(Source records)

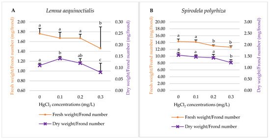 Effects of different concentrations of mercury on the fresh weight and dry weight of L. aequinoctialis (A) and S. polyrhiza (B). Same letters indicate no significant differences; different letters indicate significant differences among treatments. Error bars represent standard deviation.
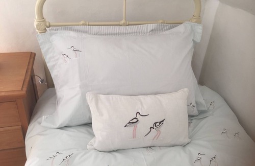 The winding and steep stairs lead to the first bedroom which has a king sized bed with a Vi-Spring pocket sprung mattress, bedside tables and a cupboard wardrobe. High quality crisp white egyptian cotton bed linen is provided. The attractive bathroom with semi-vaulted ceiling and free standing deep roll top bath with a hand-held shower attachment a traditional style w.c. and a hand basin. Fluffy white Christy towels and dressing gowns are provided together with Moulton Brown toiletries. The 2nd bedroom leads directly off the first bedroom, and has twin single beds with Sophie Allport coastal birds linen. The mattresses are high quality pocket sprung. There is a small wardrobe with 2 drawers and bedside tables.
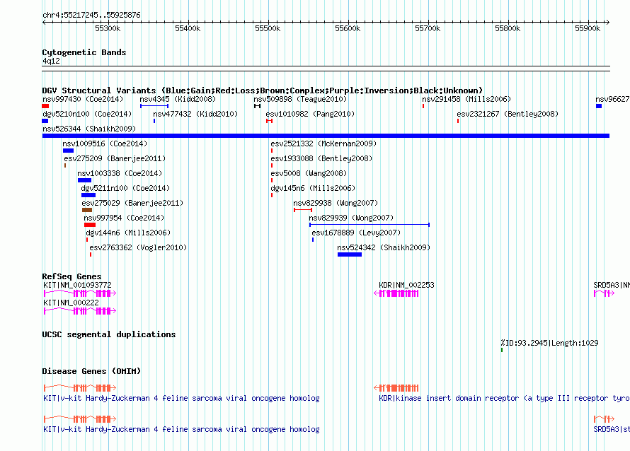 Variant DetailsVariant: nsv526344| Internal ID | 15106951 | | Landmark | | | Location Information | | | Cytoband | 4q12 | | Allele length | | Assembly | Allele length | | hg38 | 708632 | | hg19 | 708632 | | hg18 | 708632 | | hg17 | 708632 |
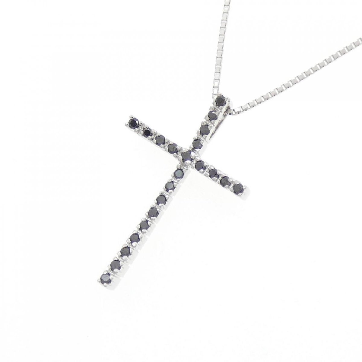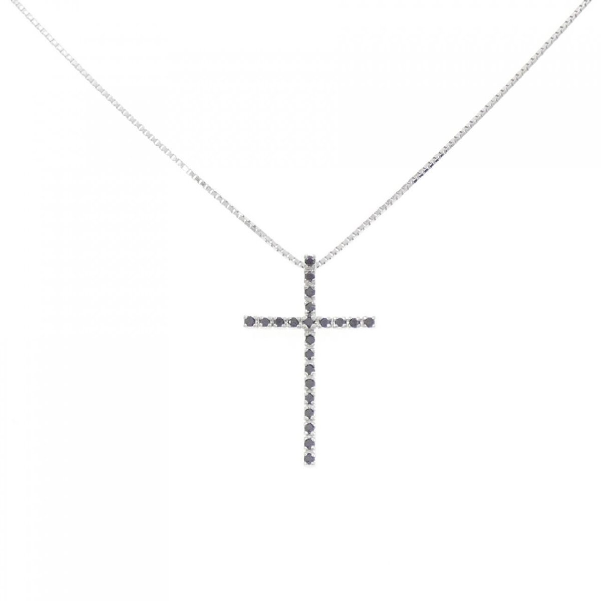 ブラックダイヤモンドがあしらわれたクロスモチーフのネックレス。カジュアルな装いにもピッタリです。
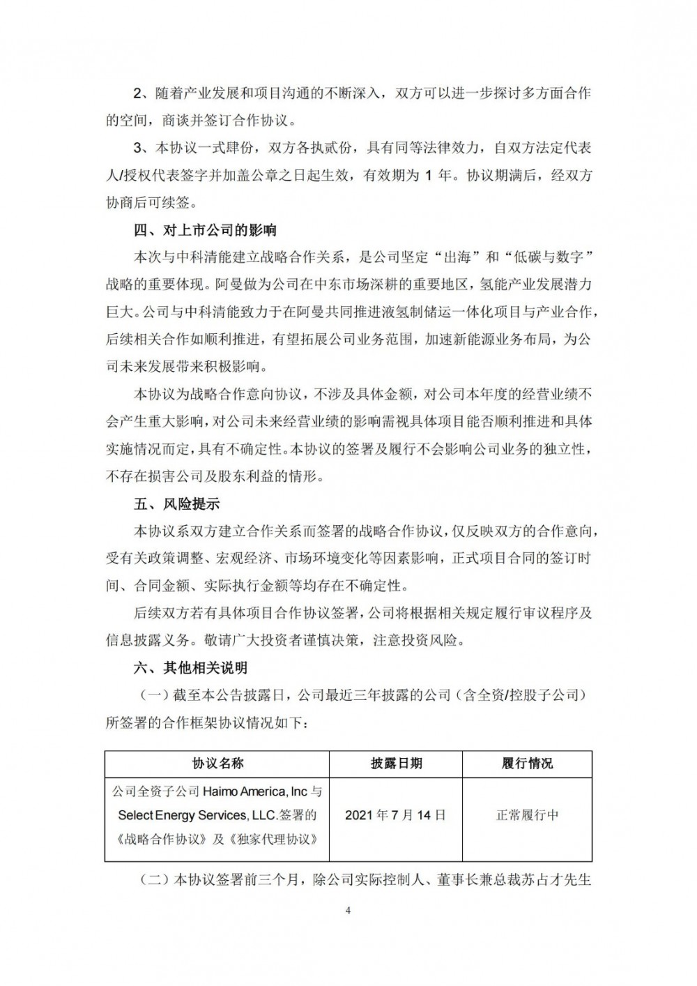 据新能源圈了解到,6月20日,海默科技发布公告称,公司与河南中科清能科技有限公司(以下简称“中科清能”)根据相关法律法规的规定,本着“相互尊重、密切合作、优势互补、创新发展、互利共赢”的精神,经友好协商,达成《河南中科清能科技有限公司与海默科技(集团)股份有限公司阿曼氢能产业项目战略合作协议》(以下简称“《战略合作协议》,协议有效期为1年。

(End Source records)

Problem statement
Your reply should consist solely of the lines from the line containing "ブラックダイヤモンドがあしら" through the last line of the listing, unchanged and free of pictures.

Problem solution
 ブラックダイヤモンドがあしらわれたクロスモチーフのネックレス。カジュアルな装いにもピッタリです。
 据新能源圈了解到,6月20日,海默科技发布公告称,公司与河南中科清能科技有限公司(以下简称“中科清能”)根据相关法律法规的规定,本着“相互尊重、密切合作、优势互补、创新发展、互利共赢”的精神,经友好协商,达成《河南中科清能科技有限公司与海默科技(集团)股份有限公司阿曼氢能产业项目战略合作协议》(以下简称“《战略合作协议》,协议有效期为1年。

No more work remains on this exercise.